West Australian Petroleum Pty Ltd
- Industry: Oil & gas exploration
- Founded: 1952
- Founder: Ampol Caltex
- Defunct: 2000
- Number of locations: Western Australia
- Parent: Caltex Australia

= WAPET =

West Australian Petroleum Pty Ltd (WAPET) was an oil & gas exploration and processing company in Western Australia.

==History==
Formed in March 1952 as a joint venture between Ampol and Caltex, the company discovered Australia's first flowing oil in November the following year, at Rough Range on the North West Cape. The first oil discovery in Australia was made near Lakes Entrance, Victoria in 1924.

The Rough Range well flowed with heavy crude oil, initially at 400 oilbbl per day from a depth of 1099 metres, but further drilling in 1954 demonstrated the discovery to be small with low flow rates and it was deemed to be not commercial.

==Dongara==
In 1964 WAPET discovered the first commercial natural gas field in the state, at Dongara in the Perth Basin. The Dongara field is now wholly owned by Arc Energy and had produced 452.6 e9cuft of LNG to August 2007.

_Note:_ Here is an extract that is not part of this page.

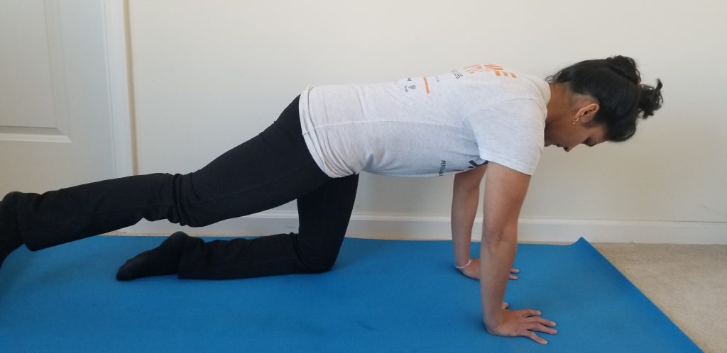 - Begin on your hands and knees. Make sure your hands are even in line with your shoulders and your knees are in the same line of your hips
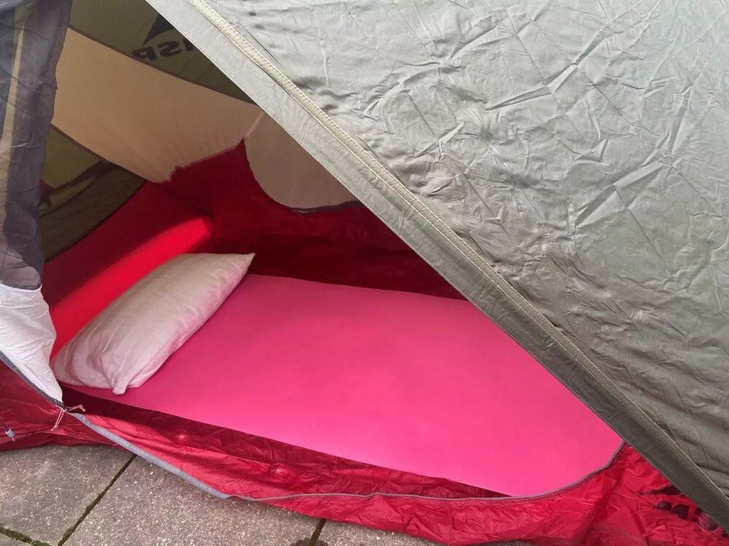 The tent is waterproof and is set up on an insulating mat, and mattresses and pillows are also available.

The Dongara discovery resulted in the construction of the first gas pipeline in Western Australia, from Dongara to Pinjarra in 1971 by a WAPET subsidiary, West Australian Natural Gas. Also known as the Parmelia Pipeline, it comprises 416 km of 350 mm diameter pipe.

==Barrow Island==
The company was joined by Shell as a partner in 1964 and shortly after, the joint venture made its major find, on Barrow Island. Despite an expectation of likely oil deposits, Barrow Island had had government bans on drilling and exploration due to the 1952 atomic bomb testing on the nearby Montebello Islands. The bans were lifted in 1953 and WAPET was granted exploration permits. The drill hole "Barrow-1" flowed with heavy crude and proved to be a significant discovery. After $100 million had been spent on further exploration and development, the find led to commercial production in 1967. In 1966 it was estimated to have recoverable reserves of 85 Moilbbl and after production started in April 1967, estimated reserves were increased to 250 Moilbbl. In 1995 there were 430 wells producing oil and natural gas across most of the southern half of the island. At one stage, the site was Australia's largest oil producer.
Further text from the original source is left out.